We used a roller and tipped with a brush. I saw a professional use a
urethane roller alone and it went faster.

I hope this helps

Alan
 
Oct 6, 2008
108
Hi,
I to am looking to paint the hull and deck area this winter and
also, looking fot tips and paint types to use. The hull is in good
order just needs a freshen up but has been painted before with what
i do not know. As for the decks im not sure what to use on them as
obviously we will be walking on it and need somthing hard wearing,
we also need to paint the coach roof as the original gelcoat has now
faded alot.

i to would be interested on any tips

regards

scott, vega 893
 
Oct 30, 2019
1,459
Hi Scott,
There're various opinions on what is best to use. My preference would
be for a two-part polyurethane, using the roll and tip method for
application.

There's an excellent little book by Don Casey called "Sailboat
Refinishing". I highly recommend reading it before making the move.

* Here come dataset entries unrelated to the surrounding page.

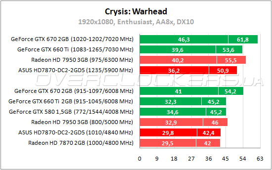 В дополнении Warhead к первому Crysis видеокарты Radeon HD 7870 снова проигрывают GeForce GTX 660 Ti и GeForce GTX 580. У HD7870-DC2-2GD5 преимущество над референсом в 1%. Разгон ускоряет карту на 21%.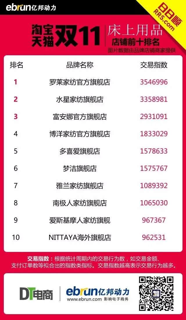 1、罗莱家纺官方旗舰店;2、水星家纺旗舰店;3、富安娜官方旗舰店;4、博洋家纺官方旗舰店;5、多喜爱旗舰店;6、梦洁旗舰店;7、雅兰家纺旗舰店;8、南极人家纺旗舰店;9、爱斯基摩人家纺旗舰;10、NITTAYA海外旗舰店
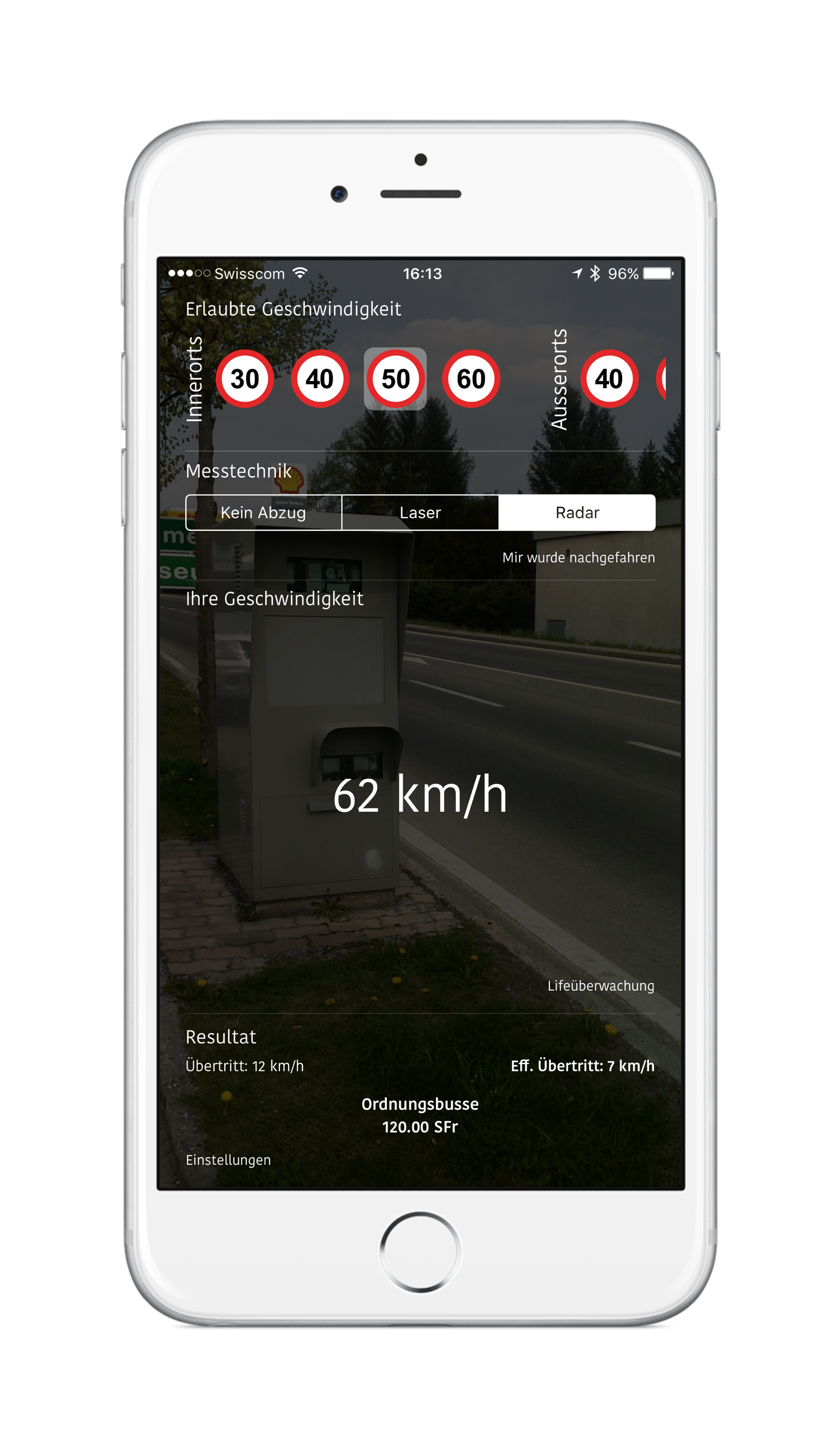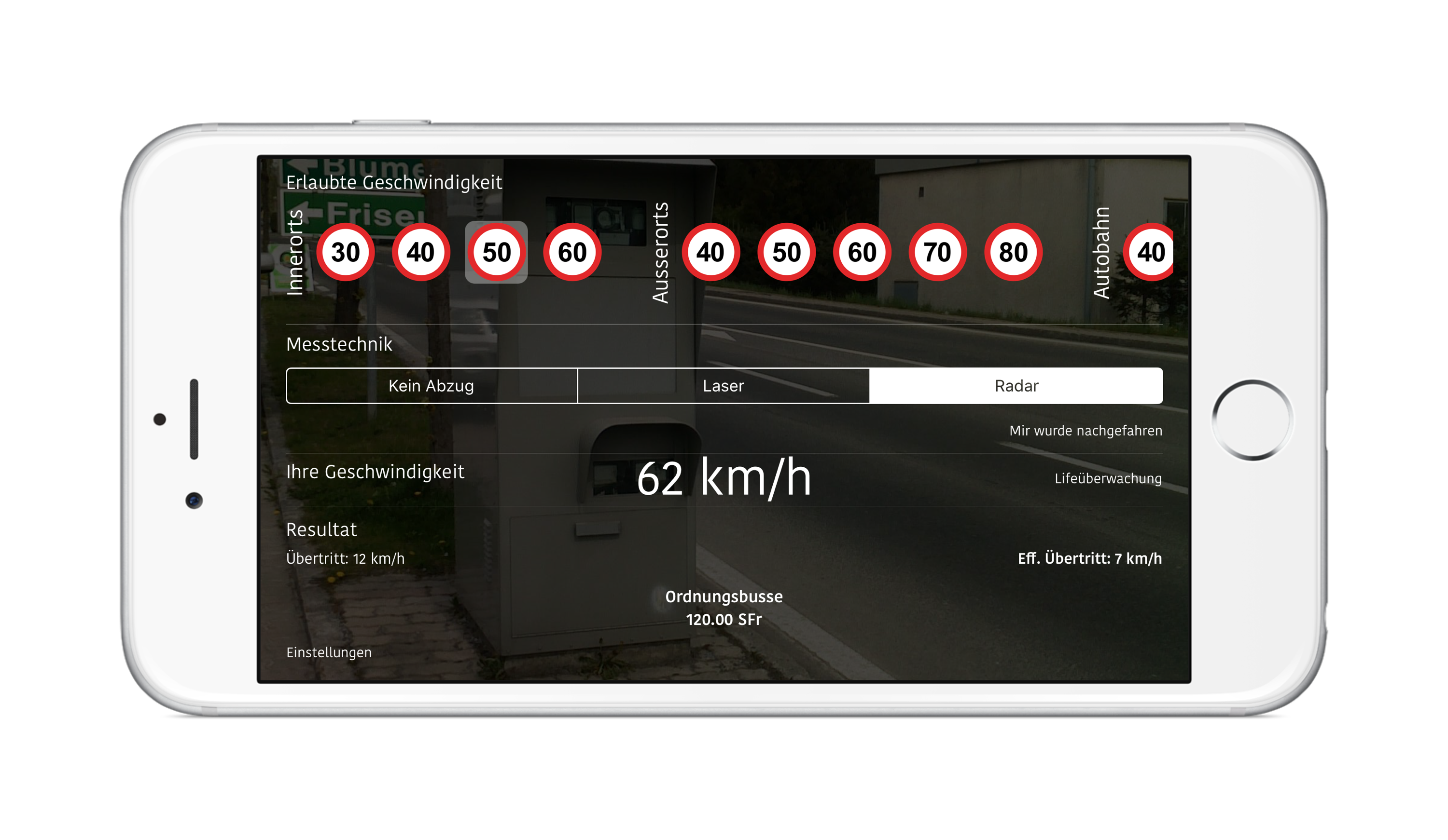 Wir können es nicht billiger machen, dir aber vorab wenigstens mitteilen, was es kosten wird... Im Gegensatz zu einigen Apps, die du aus dem Store kennst, kann unser Bussenrechner auch die Tagessätze bei höheren Geschwindigkeiten ausrechnen. Zudem kannst sie dir auch Live die Geschwindigkeit ermitteln und dir schon während der Fahrt, live mitteilen, wie hoch die Busse ist und ab wann du in ein Strafverfahren rein läufst.

Also, there's a forum of do-it-yourself boat people at
http://www.plasticclassicforum.com/
with a search feature on the site ... a lot of good epionions there.
The owner/administrator of the site has a boat restoration business
and gives excellent advice on all matters marine.
Hope this helps,
Peter
#1331 'Sin Tacha' (also in need of paint!)
 
Oct 6, 2008
108
Hello thanks for the repy,
i have been to our local international agent today, he says if i
dont know what was used for the last paint job he would not recomend
two pack as it can only be applied ontop of two pack, so if the old
paint job is somthing else it may react. He recomende international
toplac for the hull and coach roof and maybe interdeck for the deck
areas which is toplac with a fine grit to it.

Not sure what to do

thanks

scott
 
Oct 2, 2005
465
Scott
If you are concerned that the solvent in the new finish will lift
the old finish you can test the old finish by saturating a cloth with
the new paint's solvent and taping it against the hull. Cover the
cloth with heavy plastic and seal the edges with tape. Let it work
for 6 or 8 hours and then check the old finish. If you are still not
sure you might try preping and painting a small area (the transom)
first, before commencing the entire project.